Mr. Trump’s assault on the refugee system has been multifaceted. Last year, the president issued an executive order allowing state and local governments to veto the resettlement of refugees, which critics said would stoke division and energize Mr. Trump’s supporters. That order is currently blocked by a lawsuit making its way through the court system. Most states also elected to accept refugees.
Mr. Trump also ended the system of reserving slots for Africa, East Asia, Southeast Asia, Central Asia, Europe, Latin America and the Caribbean, and instead carved out slots for 4,000 Iraqis who worked with the United States military, 1,500 for people from Central America and 5,000 for people persecuted for their religion. The additional 7,500 slots were reserved for others seeking family reunification who had been cleared for resettlement.
But even with the numbers set so low, the administration did not fill the slots, according to State Department data. Of the 4,000 openings for Iraqis who helped the military, only 123 were welcomed to the United States.
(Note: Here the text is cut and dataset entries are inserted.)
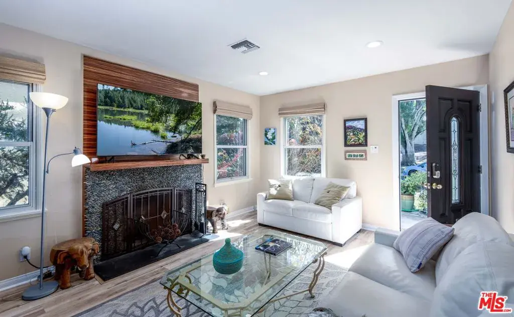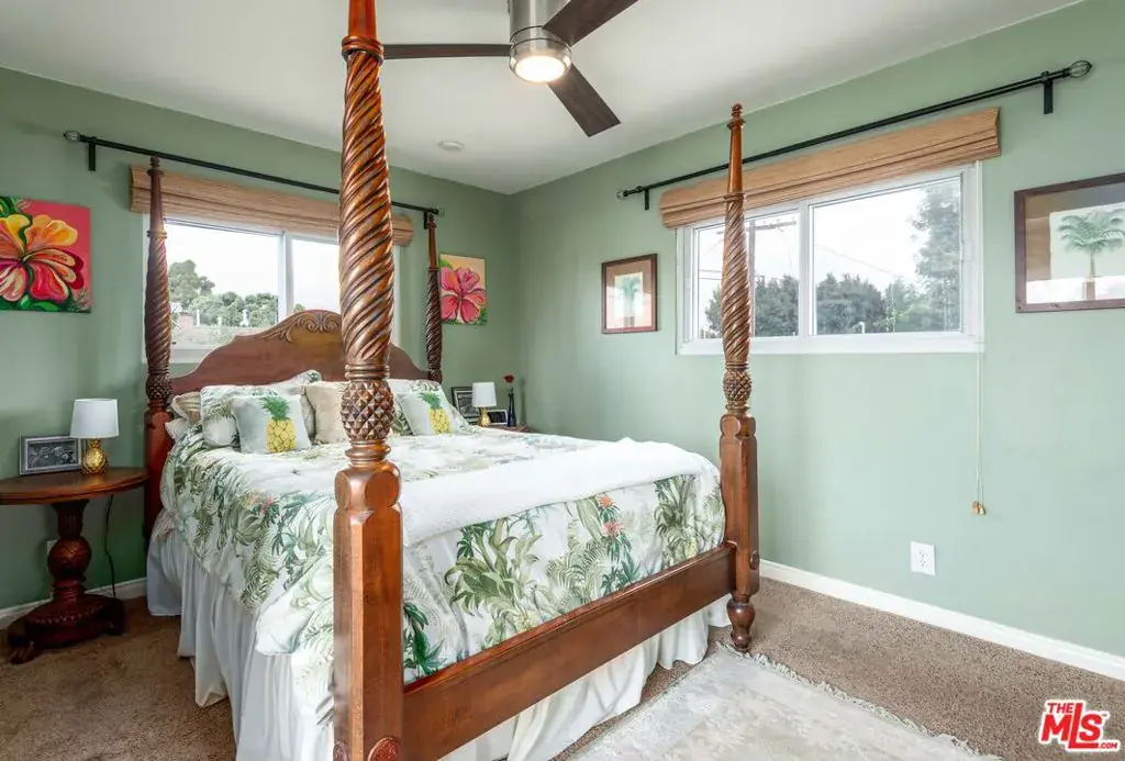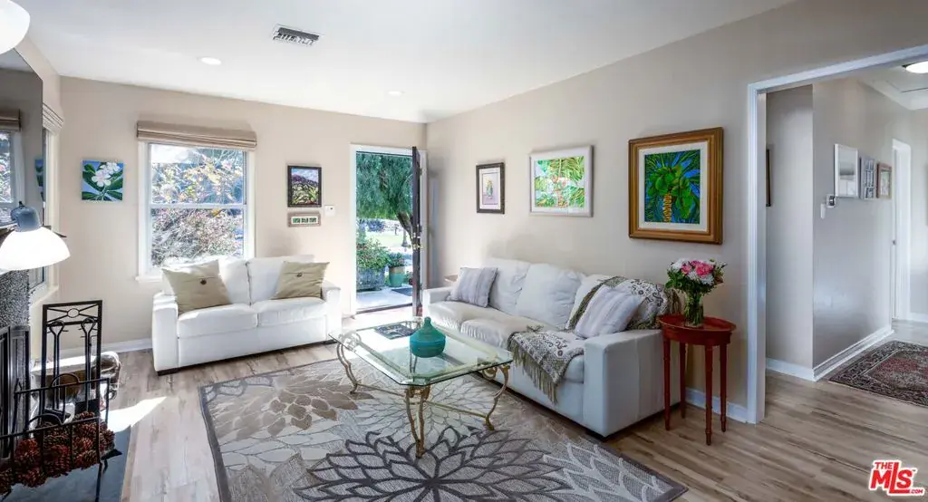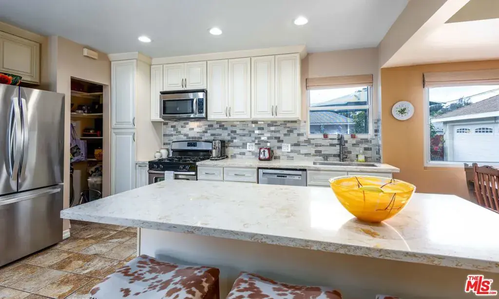Located adjacent to the Westchester Golf Course on a non-through street with greenbelt views, this delightful home with vibrant landscaping is ideal for those who desire space and functionality. Past the canopy of the graceful California pepper tree step into an inviting living room featuring luxury vinyl plank flooring and custom fireplace with decorative stonework and zebrawood mantel. The modern kitchen features quartz countertops, stylish tile backsplash, and stainless-steel appliances. The space is anchored by a central island with breakfast bar that’s ideal for entertaining or casual dining. 4 bedrooms and 2 full bathrooms are downstairs, while upstairs is the private ensuite with its own balcony…perfect for relaxing or enjoying the fresh air and sunshine. The enchanting backyard boasts a variety of plants and trees, as well as a separate fruit and vegetable garden. Additional highlights include copper plumbing, tankless water heater, soundproof windows, automatic sprinklers, and 2-car garage. With easy access to beaches, LAX, and numerous shopping and dining destinations, this is an exceptional find in Westchester.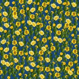 Hundreds of yellow sunflowers with green foliage all blooming together in a seamless design on patriot blue.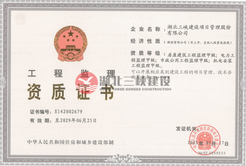 工程監(jiān)理資質(zhì)證書甲級(jí) |

“They continue to cut what would normally be seen as legal ways to immigrate,” said David Lapan, a former spokesman for the Department of Homeland Security in the Trump administration. “They say they want people to get in line and follow the system, except they’re doing everything they can to change that system.”
Traveling in Italy this week, Secretary of State Mike Pompeo tried to defend the administration’s record on humanitarian assistance. When the Italian foreign minister, Luigi Di Maio, was asked on Tuesday if the United States was doing enough to help millions of refugees around the world, Mr. Pompeo stepped in to answer: “There’s no more generous nation anywhere in the world when it comes to alleviating human crises around the world.”